In eyes with conjunctival chalasis, a loss of Tenon’s fascia causes the development of loose, redundant bulbar conjunctiva. Because this loose tissue can move independently when patients blink or move their eye, it may become pinched and fold over on itself, causing a foreign body sensation, usually near the limbus. While not sight-threatening, this condition can cause persistent discomfort.
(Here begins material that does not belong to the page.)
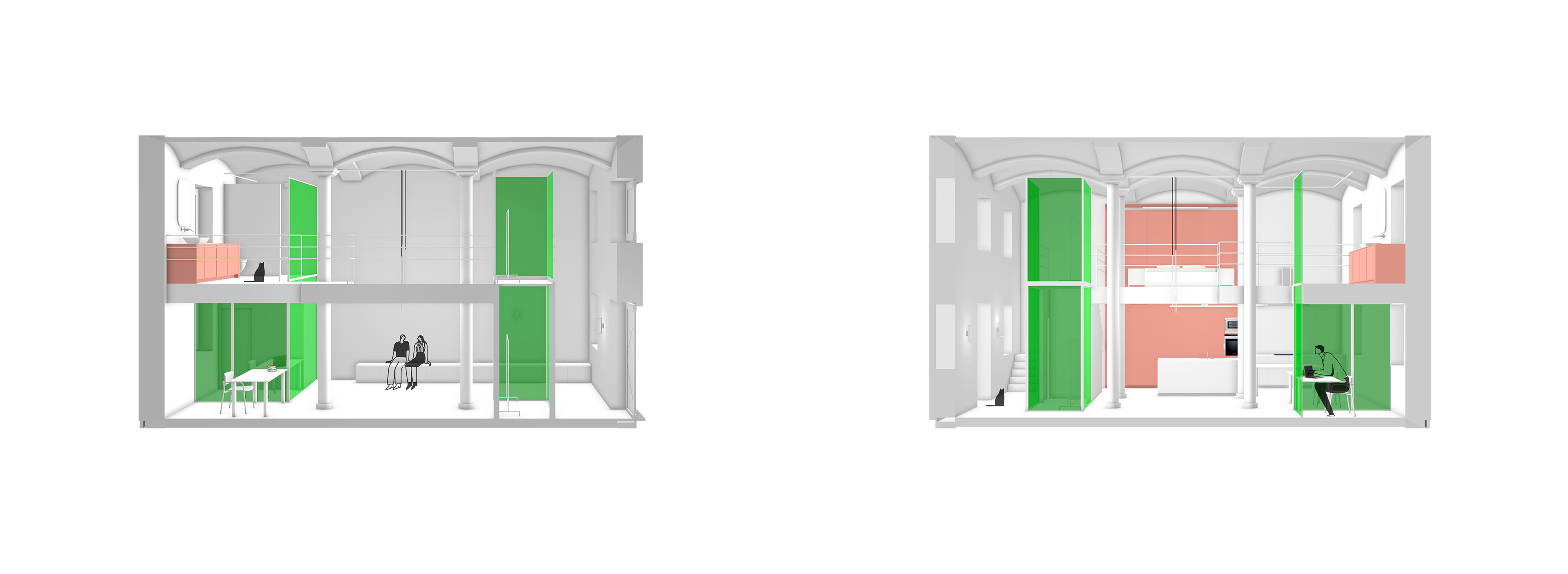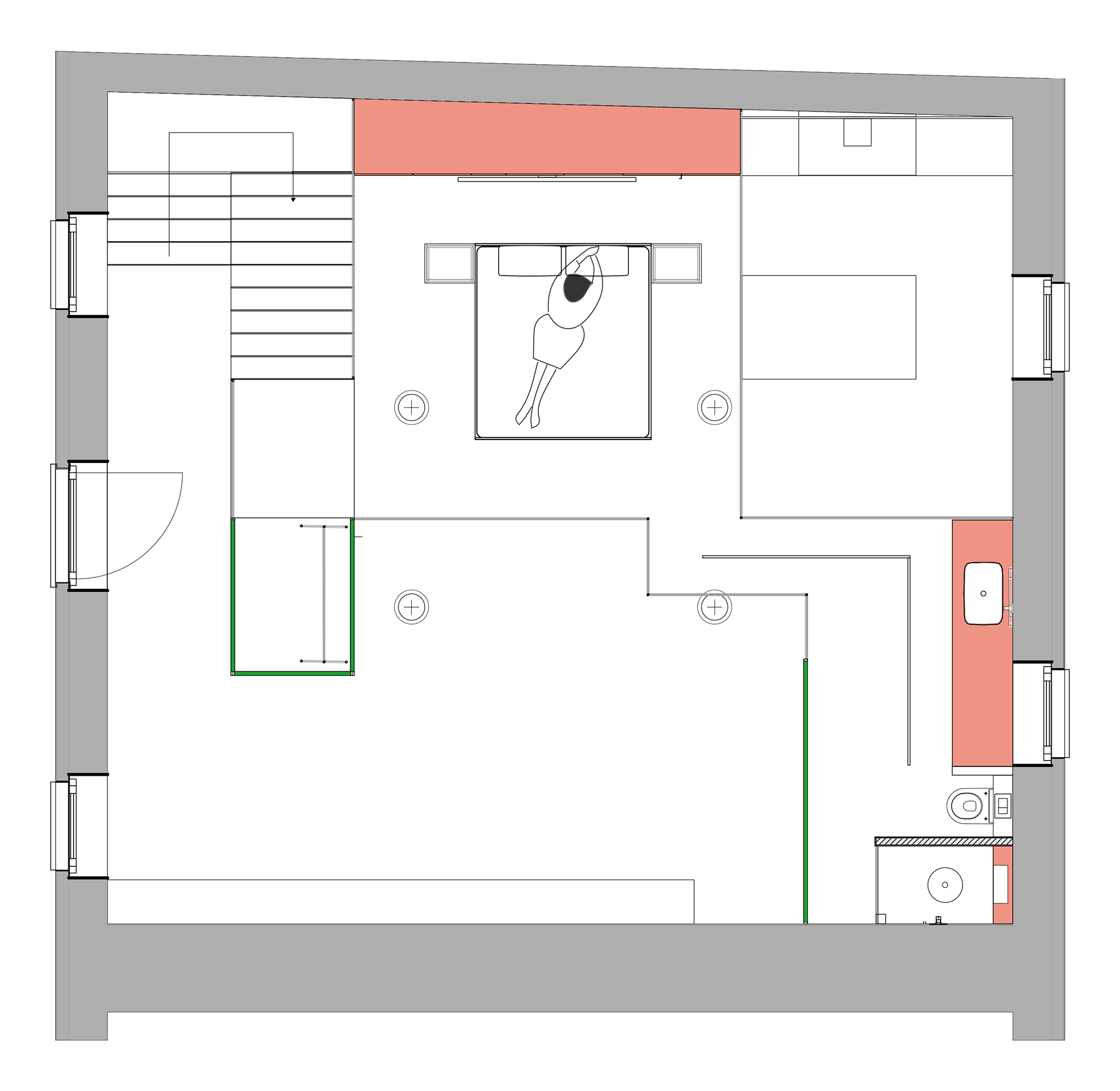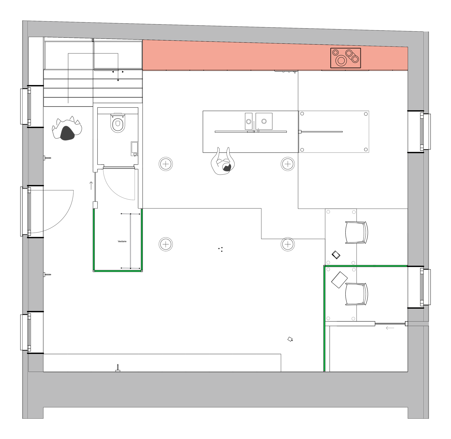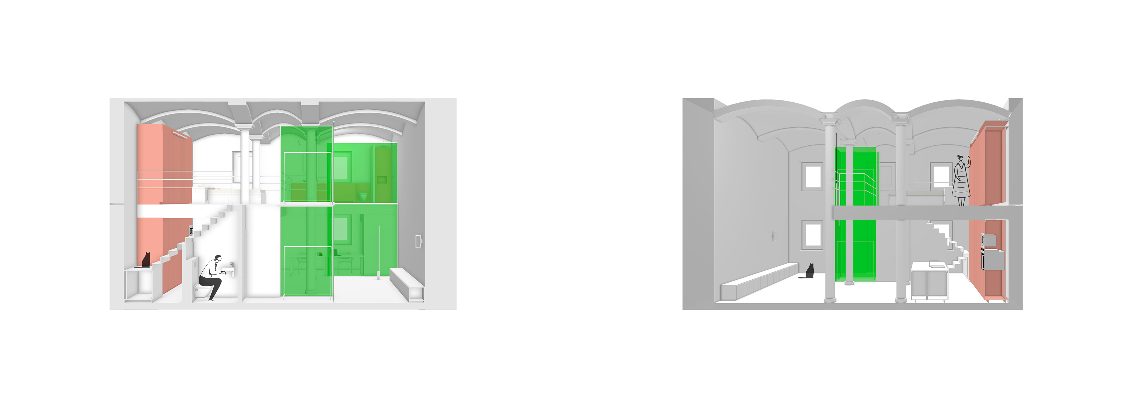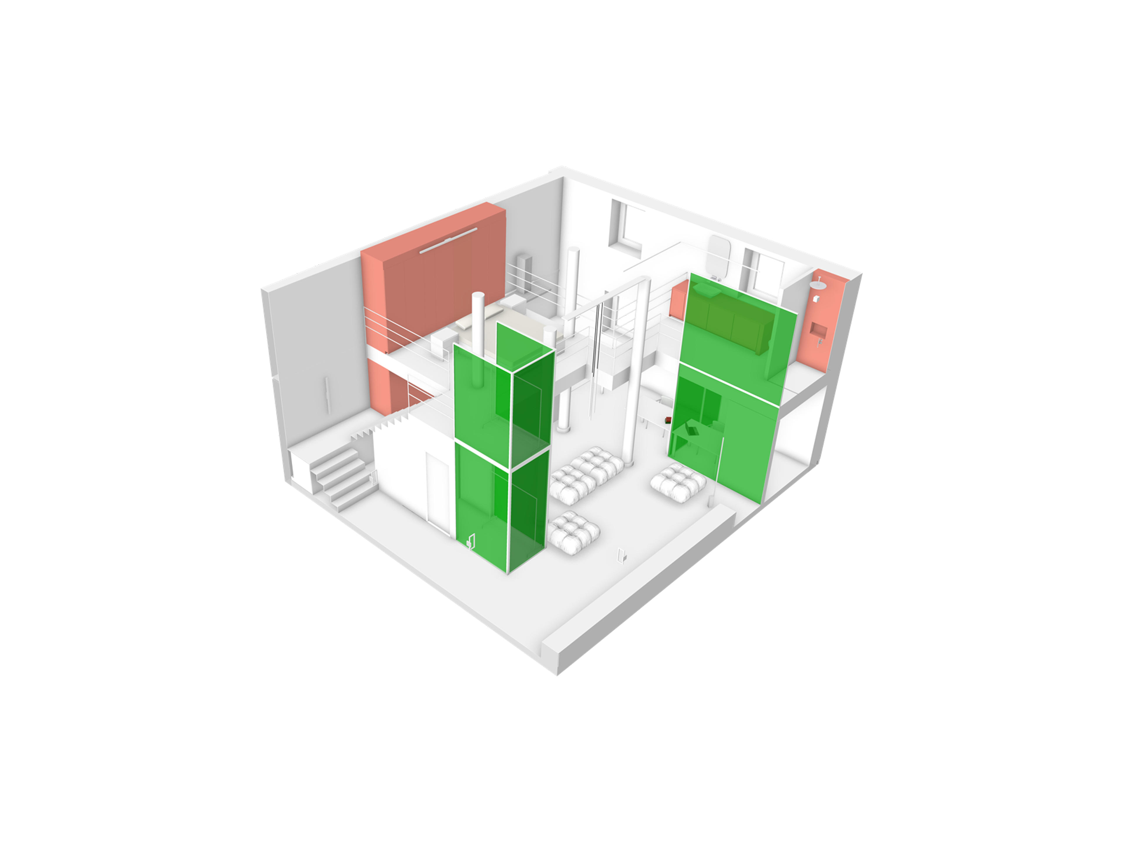 Duik in een wereld van sensualiteit en levendige kleuren met dit interieurontwerp, waar materialen en texturen samensmelten. Mijn keuze voor gekleurd, lichtdoorlatend glas voegt een vleugje mysterie toe, waar enkel contouren zich onthullen en nieuwsgierigheid opwekken bij bewoners en bezoekers. De combinatie van complementaire kleuren zorgt voor een prikkelende ervaring, terwijl de ruimte moeiteloos en logisch blijft, met als middelpunt de groene volumes. Laat je zintuigen verwennen en ontdek de harmonie van kleur en design in deze ruimte.

With appropriate treatment, however, complete and permanent resolution of symptoms is often possible. For some patients, lubricants and/or topical nonsteroidal anti-inflammatory drugs (NSAIDs) are sufficient to achieve this goal; if not, amniotic membrane surgery is almost always effective.
Diagnosing Conjunctival Chalasis
Although relatively easy to diagnose once clinicians look for it, conjunctival chalasis often goes unrecognized. In part, this is because its clinical presentation is similar to dry eye, and many patients may have both conditions. Correctly identifying patients with conjunctival chalasis is important for treatment, however, since therapies that specifically address this condition can provide benefit beyond that offered by dry eye therapies.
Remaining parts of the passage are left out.